- Born: Christopher Boyce Burge May 26, 1968 (age 58)
- Education: Stanford University
- Known for: GENSCAN
- Awards: Overton Prize Searle Scholar Award
- Scientific career
- Workplaces: Massachusetts Institute of Technology
- Thesis: Identification of genes in human genomic DNA (1997)
- Doctoral advisor: Samuel Karlin
- Website: genes.mit.edu/burgelab/cburge.html

= Christopher Burge =

American scientist
Christopher Boyce Burge (born May 26, 1968) is an American computational biologist and a Professor of Biology and Biological Engineering at Massachusetts Institute of Technology. He is known for his research on gene expression regulation, particularly RNA processing mechanisms like RNA splicing, polyadenylation, and microRNA-mediated regulation, using computational and experimental approaches.

==Education==
Burge completed his Bachelor of Science at Stanford University in 1990, and continued graduate studies in computational biology at Stanford University, gaining his PhD in 1997 under the supervision of Samuel Karlin. During his time at Stanford he was responsible for developing algorithms for GENSCAN used in gene prediction for example the initial analysis of the Human Genome Project. His PhD thesis was titled Identification of genes in human genomic DNA.

==Research==
From 1997 to 1999 Burge worked as a postdoc in the laboratory of Phillip Allen Sharp, working in the fields of RNA splicing and molecular evolution. Burge joined the Massachusetts Institute of Technology in 1999 as a Bioinformatics Fellow. He became Assistant Professor in 2002, Associate Professor in 2004, was tenured in 2006, and was promoted to full Professor in 2010. He has been an Associate Member of the Broad Institute since 2004. His current research interests include genomics, RNA splicing and microRNA regulation.

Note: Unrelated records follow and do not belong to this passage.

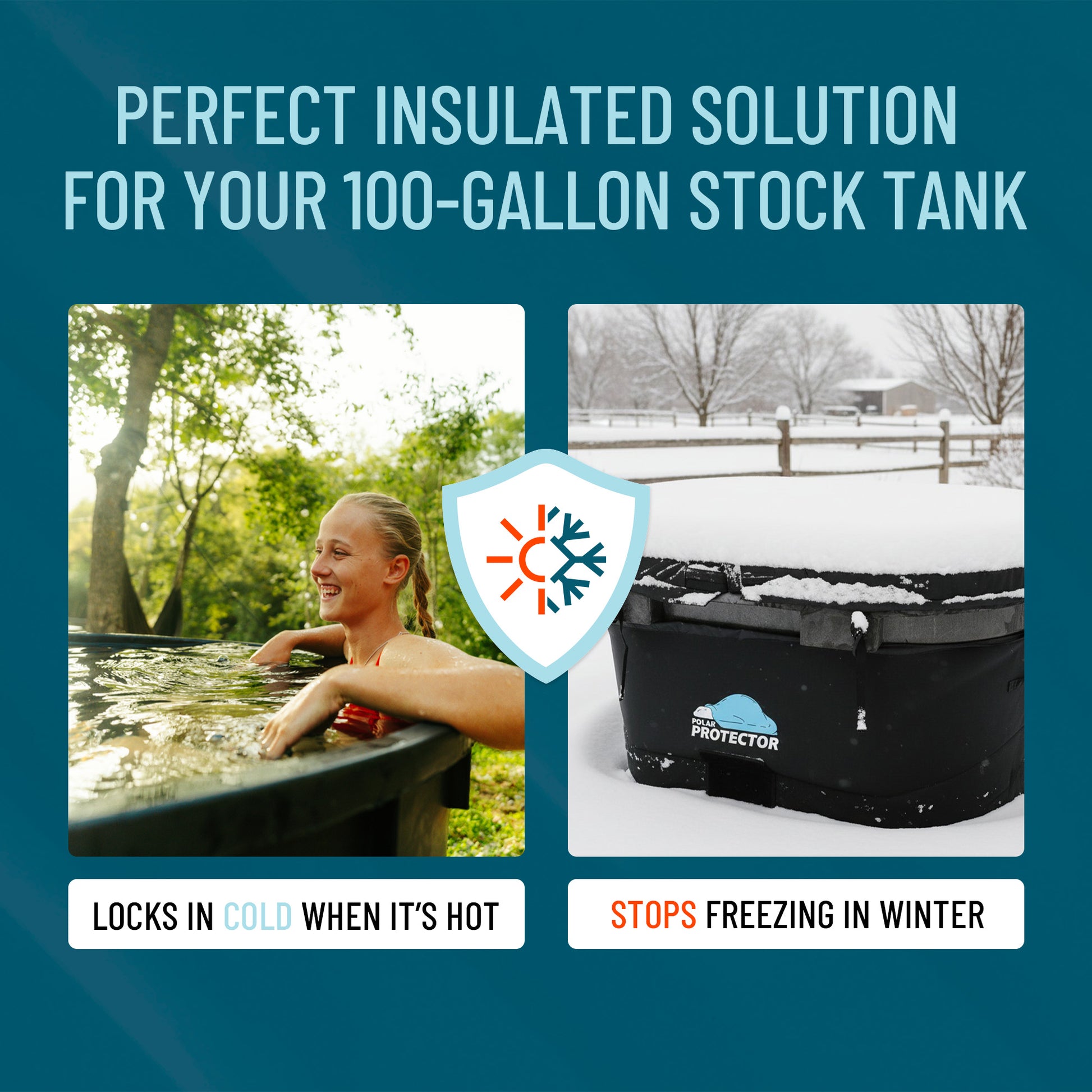 - Keep Your Stock Tank Insulated and Sweat Free: Our 5mm thick Neoprene Slip is custom-designed to fit your 100-gallon oval plastic foam stock tank, featuring handles on each side, a buckle for tightening, and a drawstring for added security, ensuring that your stock tank stays cold or warm. Will prevent ice buildup in near freezing temperatures OR keep your tank cooler in warmer temperatures. 20 Inches Tall. 23 Inches Wide. 39 Inches Long **Patent Pending**
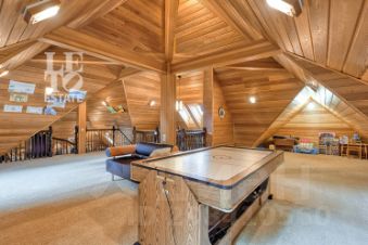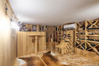 Основной дом: Цокольный этаж: постирочная, санузел, спортзал, кинотеатр, винный погреб с кладовой. Первый этаж: кухня-столовая, гостиная с камином, терраса, санузел, прихожая. Второй этаж: три спальни, мастер-спальня с санузлом и гардеробной, санузел. Мансарда:игровая, кабинет.
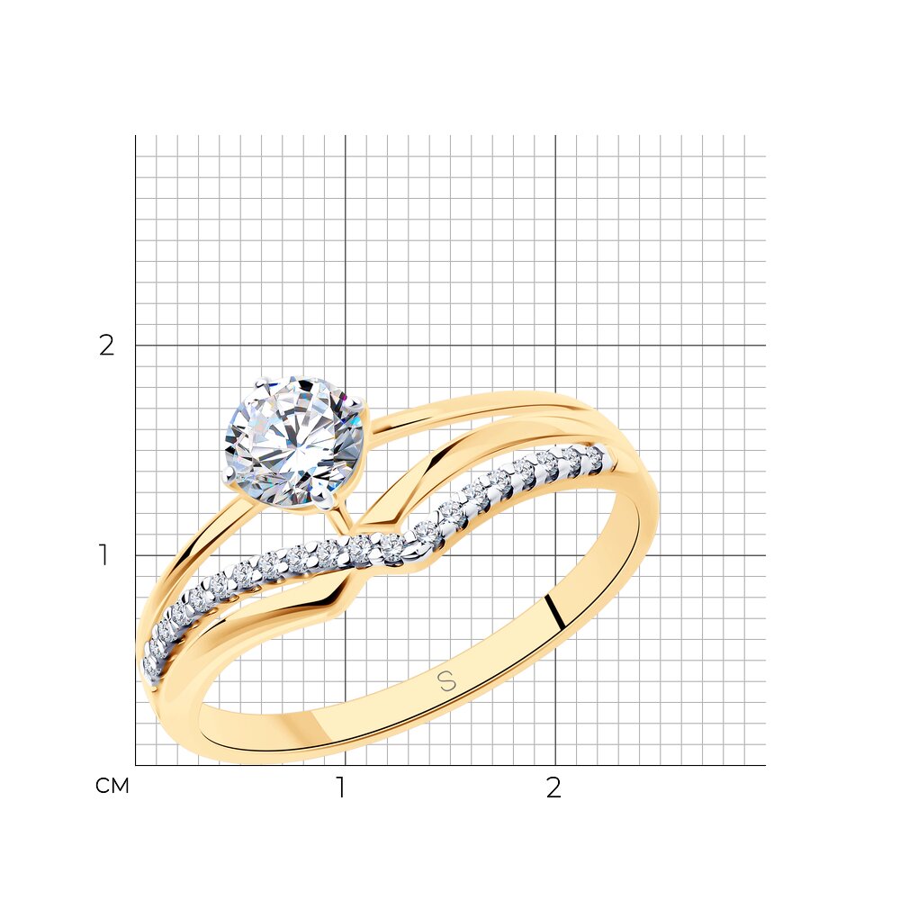Кольцо из серебра с позолотой и фианитами
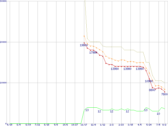 MZ-7PC128 (128GB,MLC)の価格推移↑前グラフ(2011年5月19日〜2012年8月2日)※このグラフは過去のデータも税率5%相当に調整した税込み相当額のグラフです。●関連グラフHDD/SSD主要製品の最安値推移HDD/SSD主要製品(最安値1万円未満)の最安値推移HDD 100〜160GB未満の最安値推移SSD 830 (SSD,6Gb/s,2.5インチ,リード520MB/s・ライト400〜160MB/s,7mm厚)の最安値推移●凡例最安値(点線部は販売店未確認または未調査)平均値最高値ショップ数
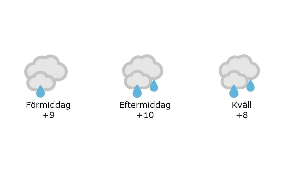 Dagen bjuder på regnskurar, svaga sydostliga vindar och temperaturer på runt 10 grader.
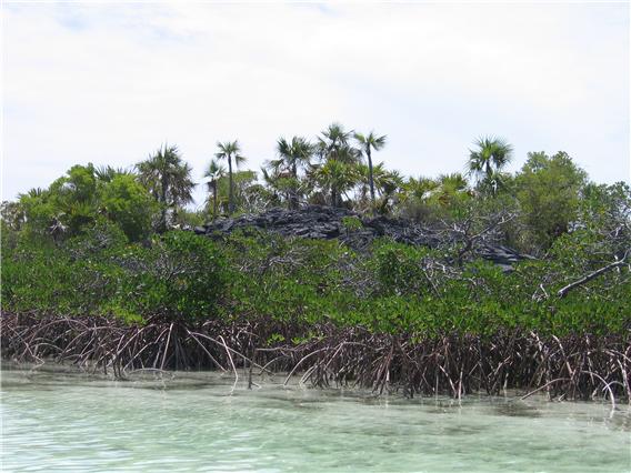 Crystal clear water, mangroves, rock and palms. Very interesting terrain

Burge has also served on the editorial boards of the academic journals RNA, PLOS Computational Biology, BMC Bioinformatics and BMC Genomics.

==Awards==
In 2001 he was awarded the Overton Prize for Computational Biology by the International Society for Computational Biology. He was awarded a Searle Scholar Award in 2003 for his research in the computational biology of gene expression. In 2007 he was awarded the Schering-Plough Research Institute Award (now known as the ASBMB Young Investigator Award) by the American Society for Biochemistry and Molecular Biology for his outstanding research contributions to biochemistry and molecular biology.